Marc Steiner:  I want to come to the solutions as we conclude this because it’s important for us to get there. We have to have an understanding of what hope is and organize how to confront what we’re faced with. Just yesterday, Alejandro Mayorkas, who is the Homeland Security secretary, was impeached in US Congress, in large part because of what’s happening on the border and what they’re using to get rid of him.

So let’s explore that politically. What these militias and these convoys represent is something larger and deeper that’s infecting the entire body of politics of Texas and the entire country. I don’t think the secretary will be impeached in the Senate, but that’s a huge move. It’s drawing this political line that’s also being drawn in Texas. How do you both see this playing out? It’s been a long time since a Democrat, let alone somebody that leans towards the left, has been elected in Texas and it’s a very divided state. So let’s talk a bit about how you both perceive this playing out politically and what it says for the country as a whole. You can start if you want, Jim, and Dave, leap right in.

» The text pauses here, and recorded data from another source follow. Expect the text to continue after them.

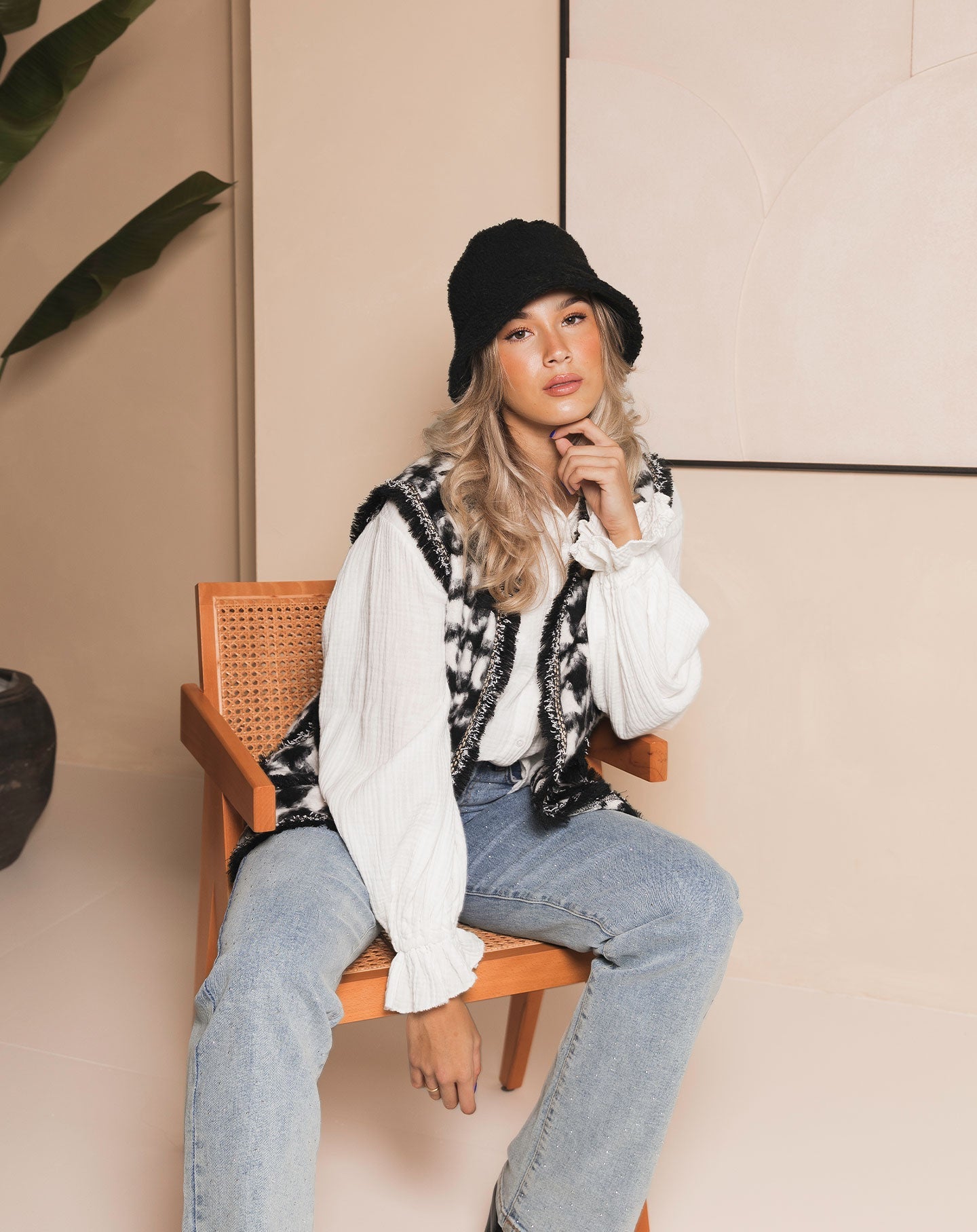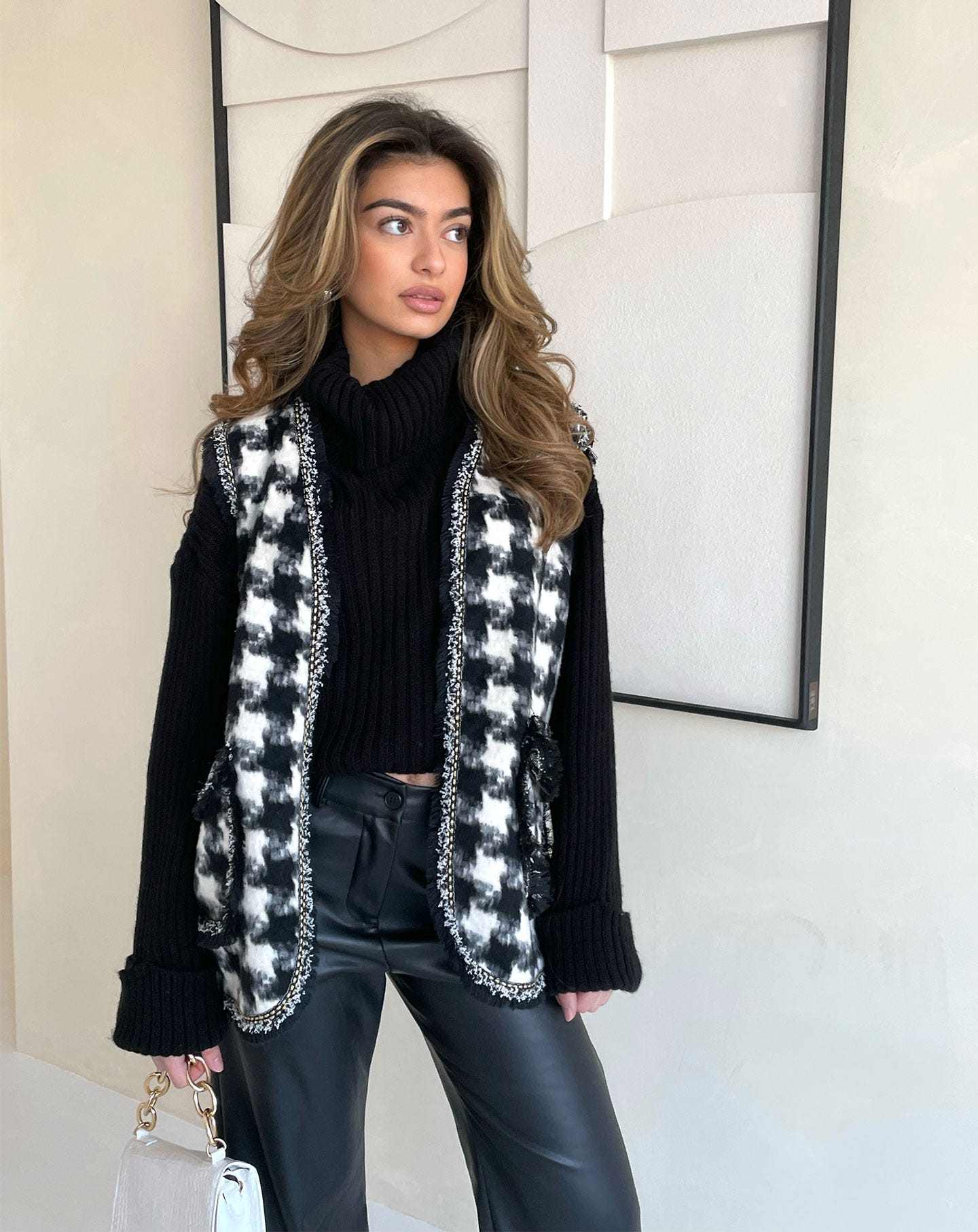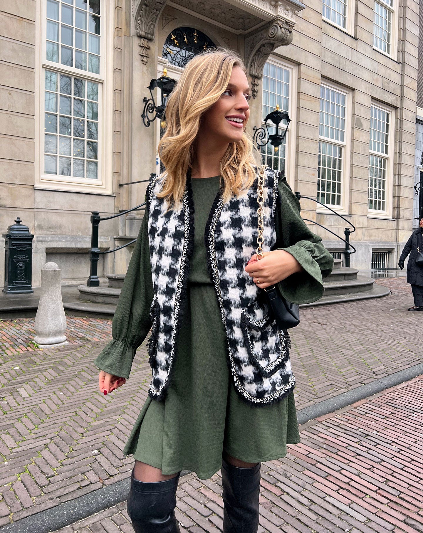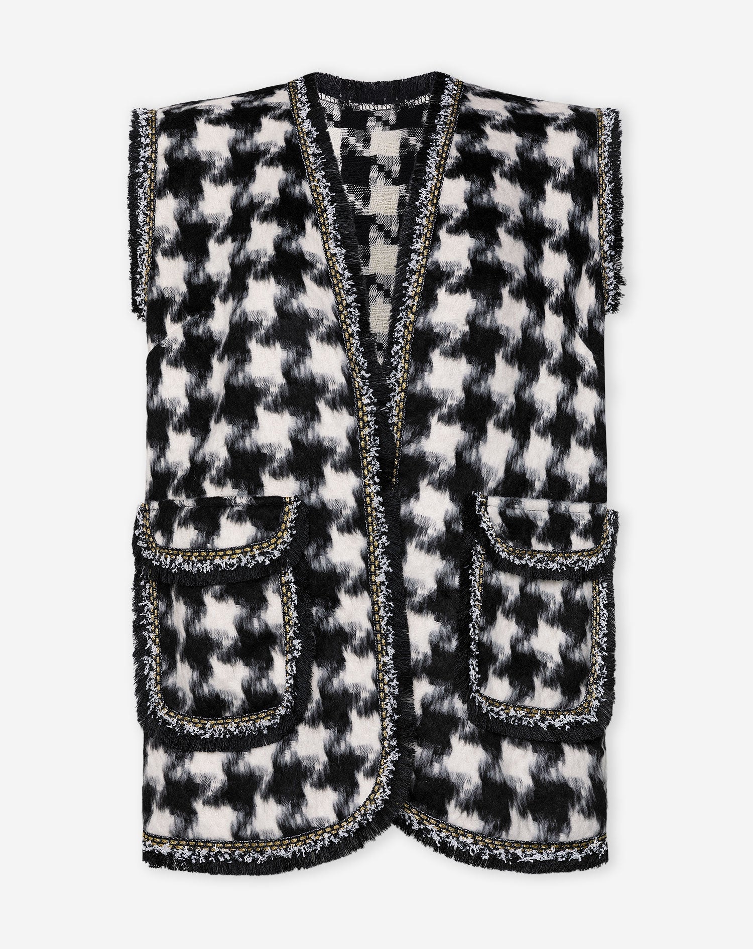 Dit gilet mag zeker niet ontbreken in jouw kledingkast! De gilet heeft een pied de poule print en heeft gouden details. Combineer het item met de Mousseline Blouse voor een trendy fall look.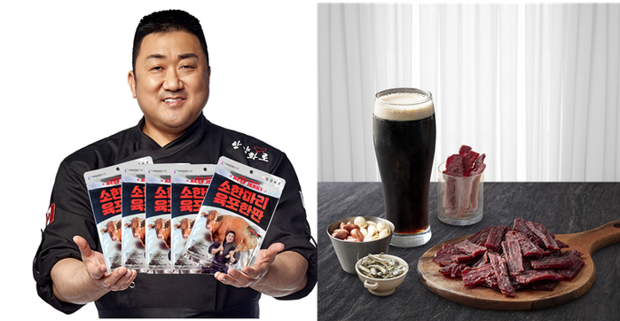 영화배우 마동석이 광고모델인 소고기 화로구이 전문 프랜차이즈 '한양화로'는 ‘소한마리 육포한판’을 출시했다고 밝혔다.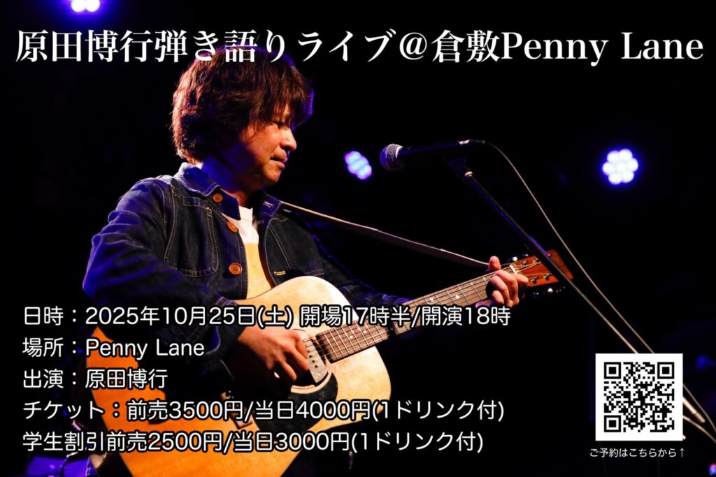 倉敷で久しぶりにやります。 一人きりでゆっくり歌います! 日時:2025年10月25日(土)17時半開場・18時開演 場所:Penny Lane 出演:原田博行 チケット:前売3500円/当日400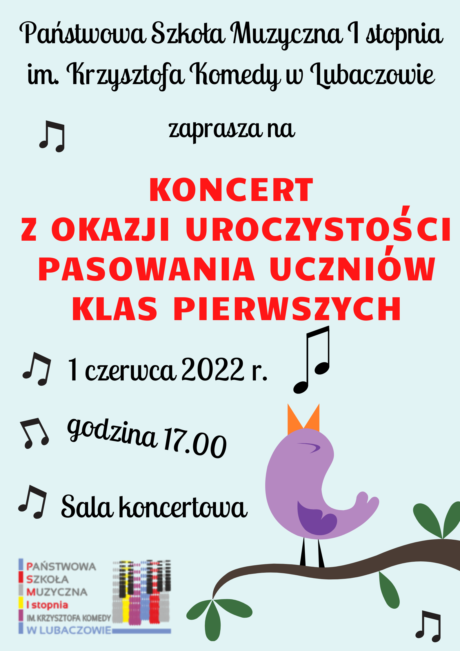Państwowa Szkoła Muzyczna I stopnia im. Krzysztofa Komedy w Lubaczowie zaprasza na kocert z okazji uroczystości pasowania uczniów klas pierwszych w dniu 1 czerwca 2022 r. o godz. 17.00 na sali koncerowej szkoły.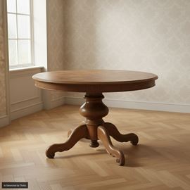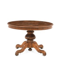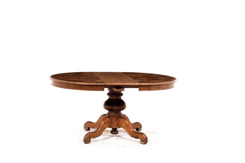 Tavolo circolare allungabile con fusto centrale, XX secolo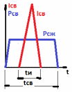 Рис. 81С. Циклограмма конденсаторной сварки Iсв – ток сварки; tсв – время сварки; Рсв – сварочное усилие (давление); Рсж – усилие (давления) сжатия свариваемых элементов; tи – время импульса сварочного тока (время разряда конденсатора). tи = 0,005 – 0,6с для бестрансформаторной сварки; tи = 0,001 – 0,01с для трансформаторной сварки | |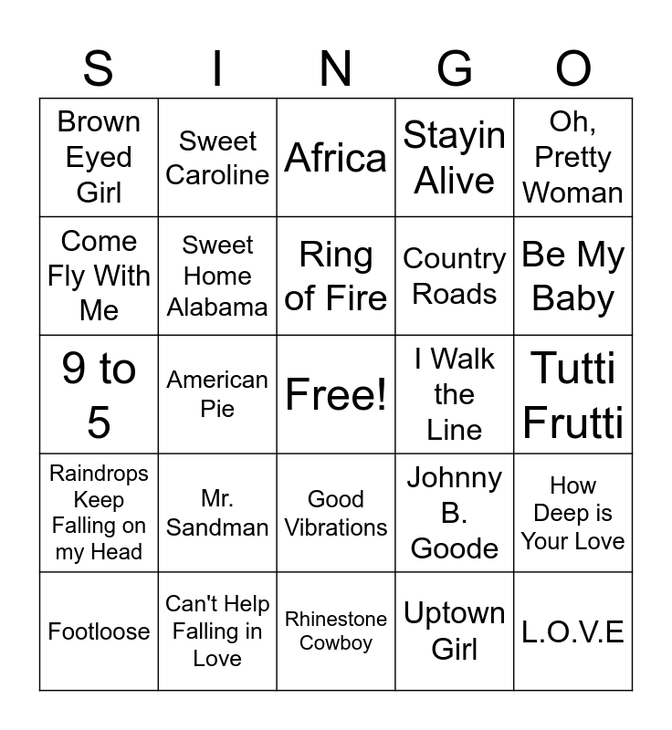 This bingo card has a free space and 39 words: Jack and Diane, Boogie Fever, We are Family, Sweet Home Alabama, Footloose, Good Vibrations, Ring of Fire, Return to Sender, Oh, Pretty Woman, Raindrops Keep Falling on my Head, American Pie, Stayin Alive, L.O.V.E, Tutti Frutti, I Walk the Line, Mr. Sandman, Hey, Good Lookin, Brown Eyed Girl, Dancing Queen, Johnny B. Goode, Come Fly With Me, Rhinestone Cowboy, Country Roads, Be My Baby, Dream a Dream, Twist and Shout, Ain't No Mountain High Enough, Build Me Up Buttercup, At Last, Sweet Caroline, Check Yes Or No, Walkin on Sunshine, Africa, Can't Help Falling in Love, Uptown Girl, September, How Deep is Your Love, 9 to 5 and Mr. Blue Sky.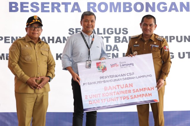 Dalam kesempatan ini, Pj Gubernur Samsudin juga menyaksikan penyerahan CSR dari Bank Lampung kepada Pemerintah Kabupaten Lampung Utara berupa bantuan 2 unit kontainer sampah dan 17 unit TPS sampah, di Kotabumi, Senin (23/12/2024).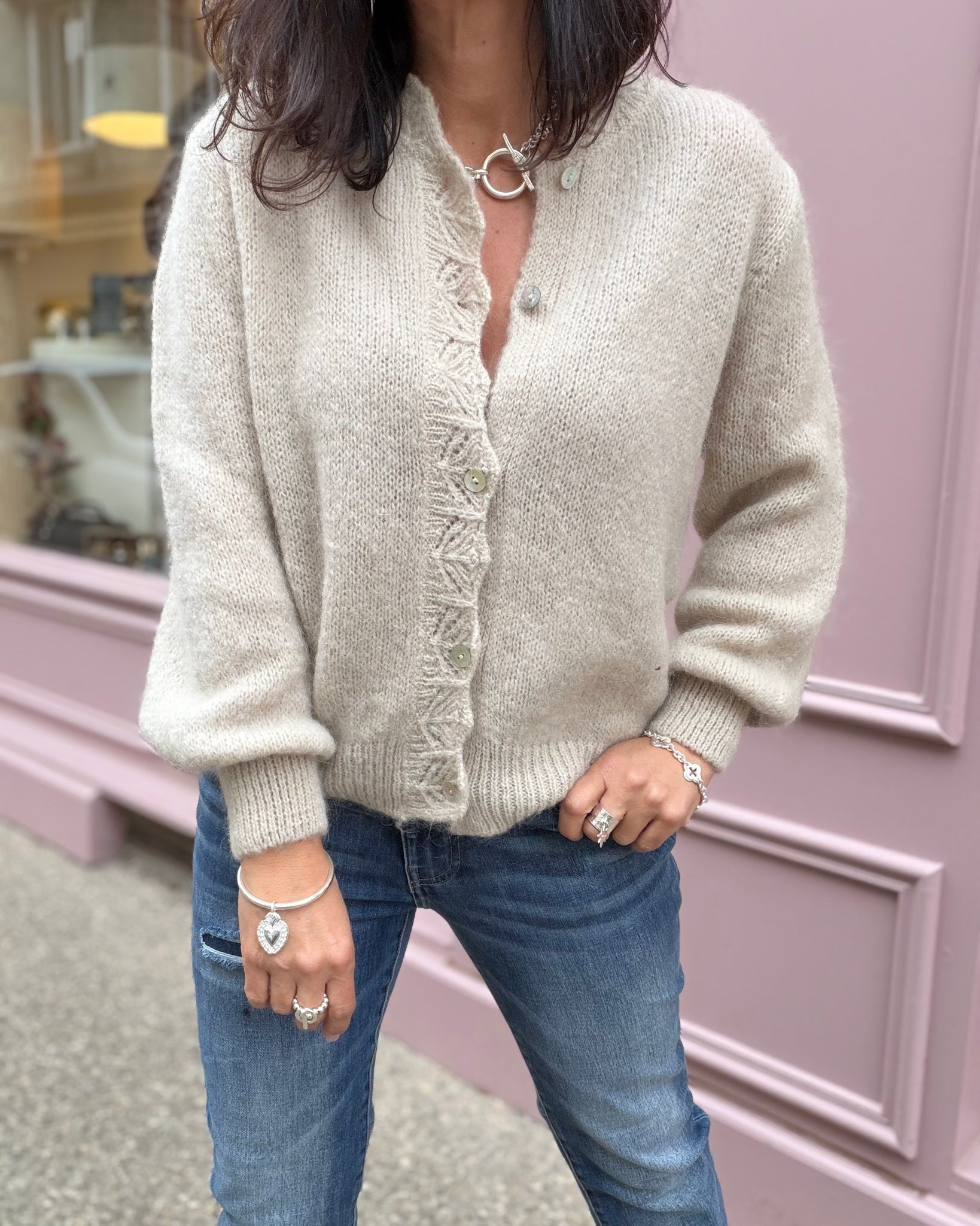 Gilet avec détails ajourés le long de la boutonnière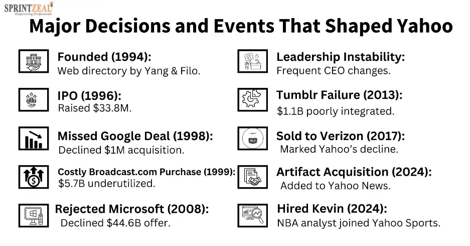 Yahoo’s history is a blend of innovation and missed opportunities, and its strategic missteps led to a massive decline. The company’s story underscores the importance of capturing market opportunities and maintaining strong, visionary leadership to navigate challenges and ensure long-term success.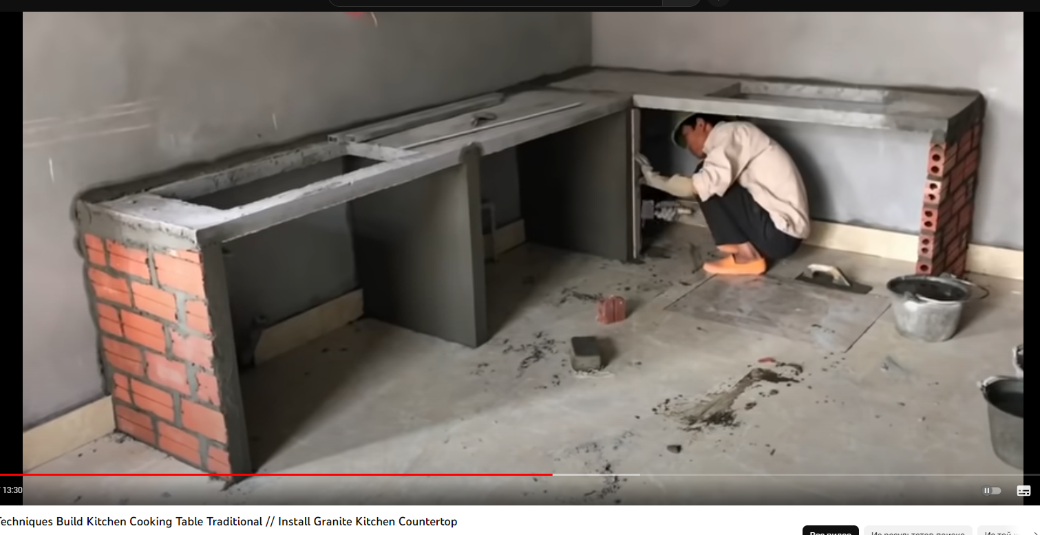 >>281595 Самый быстрый вариант и дешевый - как сделал я. Просто выложил всю кухню из пеноблоков (столешницу, раковину, место под плиту, перегородки) они легко пилятся, легко ровняются. Сверху я их прогрунтовал, покрасил и обшил самым дешевым деревом.

Jim Hightower:  How it plays out is that this is political gamesmanship. Lily Tomlin once said, that no matter how cynical you get, it’s hard to keep up. That’s what’s at work here. The Mayorkas impeachment is a complete fraud. He’s not impeached according to the constitutional requirement that he be guilty of high crimes and misdemeanors. They didn’t even offer that. They didn’t pretend that. They said they disagreed with him. Therefore, we are going to impeach him. They had to have two runs at it to get that done. Even then, they only did it by one vote. So that’s not exactly a firestorm but I’ll go to my party, the Democratic Party, and say that it has not stood up in the way that it needs to do on the border.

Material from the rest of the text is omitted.